Some examples include gold-standard narratives; others include only a sample explanation.
- The former makes up the gold-standard dataset used for tuning the evaluation metrics and providing few-shot examples.
- The latter makes up the testing dataset used for evaluation and for bootstrapping few-shot examples

In [4]:
max_optimal_length = max([len(d.narrative) for d in labeled_train])
max_optimal_length

474

Next, we set up the evaluation metrics. We use the following metrics, all scored on a scale from 0-2:
- Accuracy: the narrative accurately describes the information in the explanation
- Fluency: the narrative is coherent and natural, as compared to the gold-standard explanations. We pass in a small list of sample narratives from the gold-standard dataset to compare against
- Conciseness: the narrative is not too long, as compared to the gold-standard explanations. For now, any narrative that is no longer than the longest gold-standard narrative will score 2
- Context Awareness: the rationalization given alongside the explanation is relevant
- Completeness: the narrative includes all relevant information from the original explanation 

TODO: Currently, we have removed the completeness metric as the accuracy metric ends up encompassing it (and the definition of complete depends on the gold-standard). We need to decide if we want to add it back in

**Note: You can set `verbose=1` to see the narratives generated, or `verbose=2` to see the explanations, narratives, and rationalizations**

In [5]:
example_good_narratives = random.sample([d.narrative for d in labeled_train], 5)
example_bad_narratives = random.sample([d.bad_narrative for d in labeled_train], 5)

exp_metrics = metrics.Metrics(
            [
                metrics.accuracy,
                metrics.fluency,
                metrics.conciseness,
                metrics.context_awareness,
            ], verbose=0, 
        metric_kwargs={"conciseness": {"max_optimal_length": max_optimal_length},
                       "fluency": {"good_narratives": example_good_narratives, "bad_narratives": example_bad_narratives}}
        )

Finally, we set up the main experiment runner object

In [6]:
explingo = core.Explingo(llm=llm, context="The model predicts house prices", metric=exp_metrics,
                         labeled_train_data=labeled_train, unlabeled_train_data=unlabeled_train)

## Verifying the Evaluation Metrics

In the following code block, we verify our metric functionality by comparing average score on our gold standard dataset (used to tune the metrics) to other datasets that use different styles of explanations. We expect the gold standard average score to be very close to 2*len(metrics) (since each metric is scored on a scale of 0-2), and the other datasets to be lower.
 
TODO: We do not currently verify the context awareness metric, as the gold-standard dataset does not include a rationalization

In [7]:
metric_verification_datasets = ["gold_standards.json", "unaligned_examples_1.json", "unaligned_examples_2.json"]

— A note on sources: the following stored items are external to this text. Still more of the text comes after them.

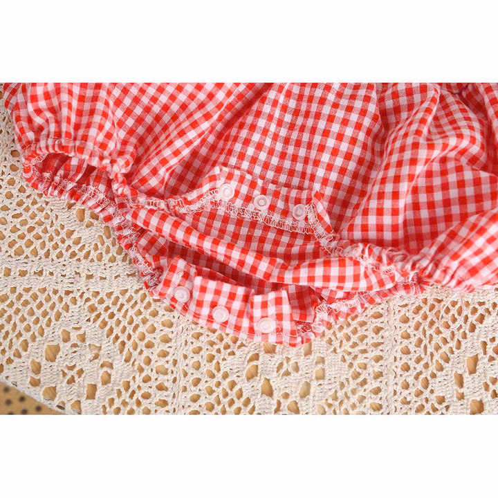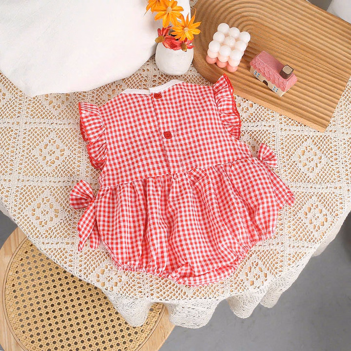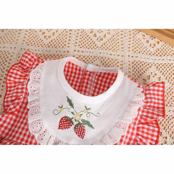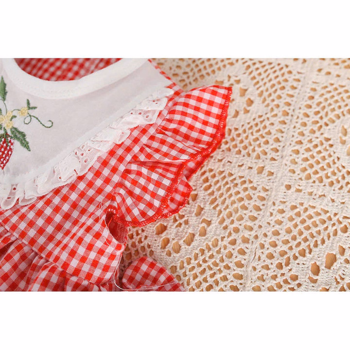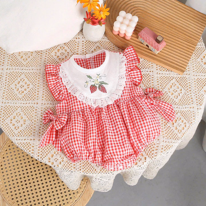 – Thiết kế : Body cổ yếm với kiểu dáng dễ thương, giúp bé gái sơ sinh thoải mái vận động và dễ dàng thay đồ. Hoạ tiết caro cổ điển kết hợp với hình dâu tây xinh xắn, tạo điểm nhấn nổi bật và đáng yêu cho bé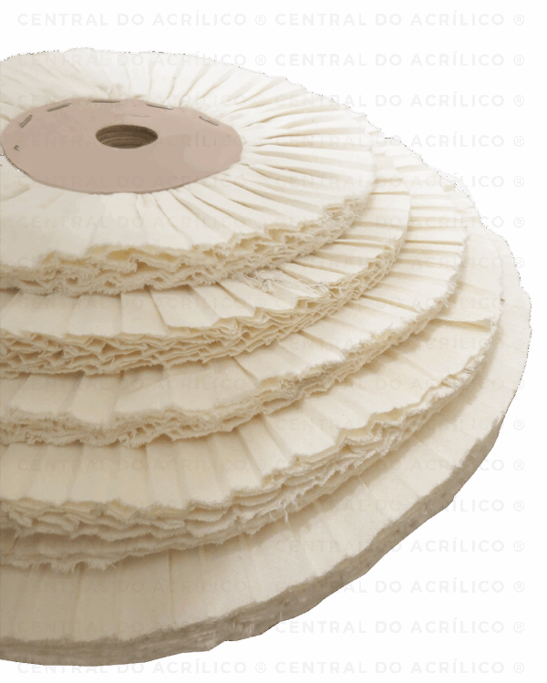 Utilizados para polir Acrílico em politriz de bancada ou manual, nossos Discos seguem o sistema Europeu de polimento, sendo fabricados em Algodão, proporcionando um excelente brilho e acabamento nas peças.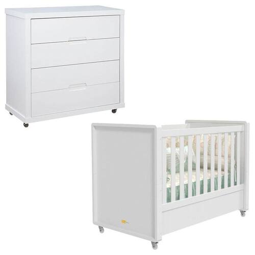 Berço Americano e Cômoda Gaveteiro Infantil Tutto New Branco Acetinado - Matic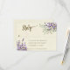 Um lindo desenho de flores lavanda boho em um fundo marfim. Use este cartão de RSVP coordenador para encorajar seus convidados a responder prontamente! Edite os campos de texto disponíveis para atender às suas necessidades, para criar o conjunto de casamento perfeito. Outros itens e papelaria nesta coleção, como adesivos de favor, cartão de informações, números de mesa, etc.! Perfeito para casamentos e eventos em qualquer época do ano. Um design muito elegante.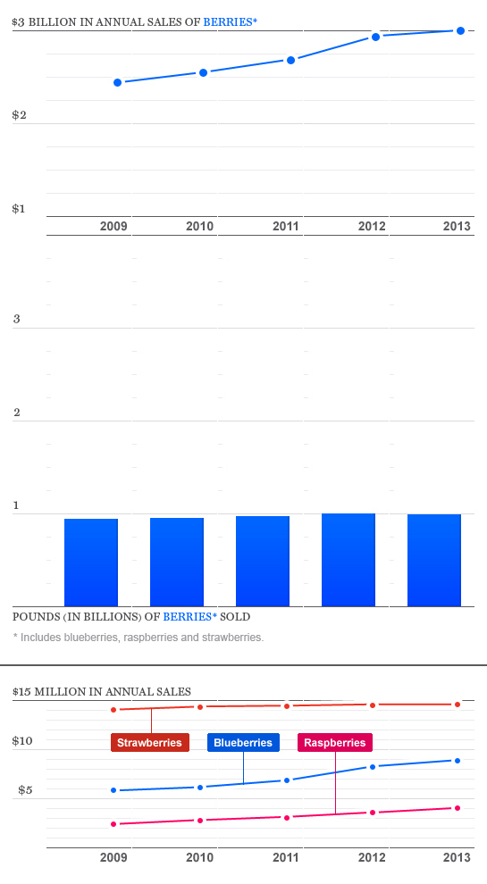 Nielsen groups all berries as one category, and with just over $3 billion in sales last year, it is the highest-grossing fruit. It captured that title thanks in part to the category’s “super food” designee: blueberries.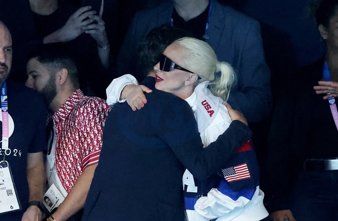 Lady Gaga i jej narzeczony Michael Polansky biorą udział w zwycięstwie Léona Marchanda w biegu na 400 m stylem zmiennym podczas Igrzysk Olimpijskich w Paryżu w 2024 r. (OG) w Paris La Defense Arena w Nanterre

# Example datasets do not include a rationalization, so we skip context awareness 
ver_metrics = metrics.Metrics(
    [
        metrics.accuracy,
        metrics.fluency,
        metrics.conciseness,
    ], verbose=0, 
    metric_kwargs={"conciseness": {"max_optimal_length": max_optimal_length},
                   "fluency": {"good_narratives": example_good_narratives, "bad_narratives": example_bad_narratives}}
)

for dataset in metric_verification_datasets: 
    score = 0
    labeled_train, _, _, _ = examples.get_data(dataset, split=1)
    for example in labeled_train:
        score += ver_metrics(example, example)[0]
    print(f"Dataset: {dataset}, Average score: {score/len(labeled_train)}/{len(ver_metrics.metric_funcs)*2.0}")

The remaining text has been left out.